Nobody admits they had sex with a minor if they didn't.  You'll be up against that if you start talking and answering questions.  Even if you are going to deny that you did anything, the police can mischaracterize what you said.

It can be taken out of context or they can get some other information that you answer a question one way, and they've got information that shows you're not telling the truth.  That then begins to attack and erode your credibility as a potential witness as a defendant in the future.

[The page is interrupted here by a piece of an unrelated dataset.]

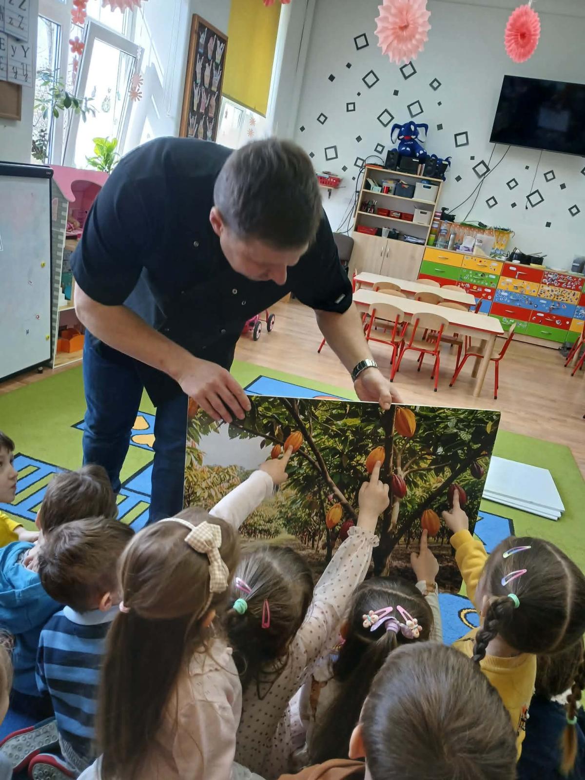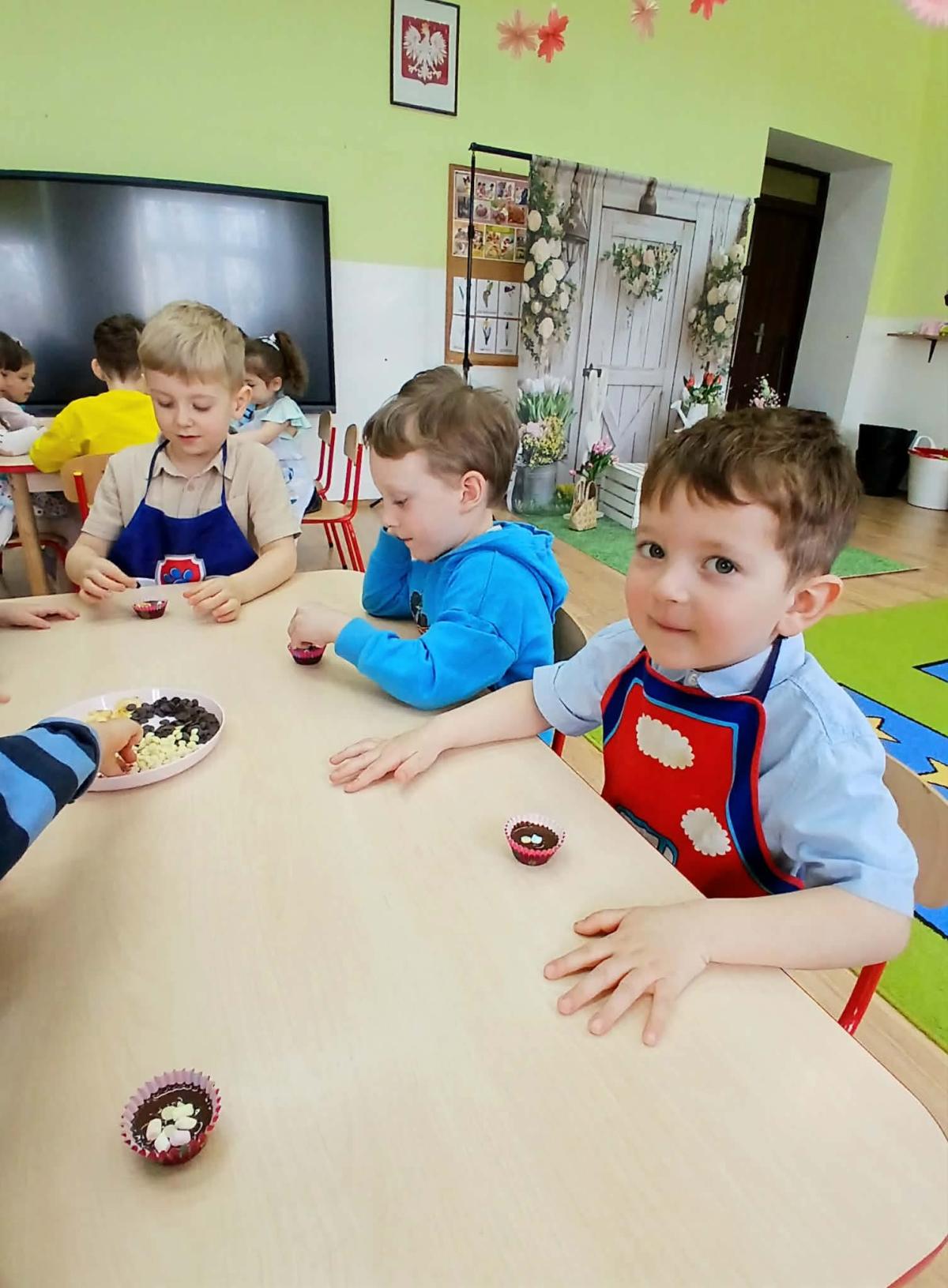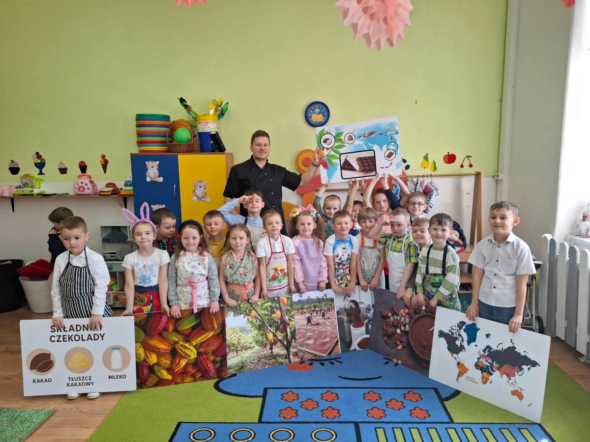 Warsztaty czekoladowe były dla naszych przedszkolaków wyjątkowym i bardzo radosnym sposobem na powitanie wiosny. Dzieci z ogromnym zainteresowaniem poznawały proces powstawania czekolady – od ziaren kakaowca aż po gotowy, słodki przysmak. Największą frajdę sprawiła jednak część praktyczna, podczas której każdy mógł stworzyć własne czekoladowe babeczki. Kreatywność i zaangażowanie dzieci były niesamowite, a efekty ich pracy – nie tylko piękne, ale i pyszne!

What Are the Defenses for PC 261.5?

Our California criminal defense lawyers can use several strategies against PC 261.5 statutory rape charges, such as the following:

  • You believed the victim was over 18;
  • False allegation.

Perhaps we can argue that you reasonably believed the victim was not a minor during sexual intercourse. Maybe you thought they were over 18, but you were simply incorrect.  A good-faith belief that the alleged victim is over 18 is a defense to statutory rape.

Defenses for Statutory Rape in California

Sometimes people don't know that the individual they're dealing with is under 18. Maybe they have a fake ID. Perhaps they look over 18. Maybe they presented themselves as being over the age of 18.  

Perhaps we can argue that you didn't have sex with that person. How are they going to prove that you had sex?  They're going to have some DNA, or get you to admit that you had sex with the person, or the person could say that you had sex with them, and a jury could believe that they're telling the truth.

Perhaps we can argue that you are the victim of a false allegation. For example, maybe someone wanted to accuse you of a crime out of spite or vengeance, or you spurned a minor's advances, and they responded in anger by falsely accusing you.

We need to have you come and sit down; this is where I separate myself from other criminal defense attorneys. We'll go over all the details, and you and I will talk about the best defense strategy for you, your case, and the facts and details that the prosecutors have. 

We'll look at the law; we'll look at the facts and decide first whether or not you're going to fight the case.  If you're going to fight the case, then we're going to take specific defense strategies.

Perhaps we can negotiate with the prosecutor for reduced charges or a case dismissal. Maybe we can persuade the prosecutor not to file formal criminal charges, called a “DA reject.” We can put together a mitigation package and get character letters.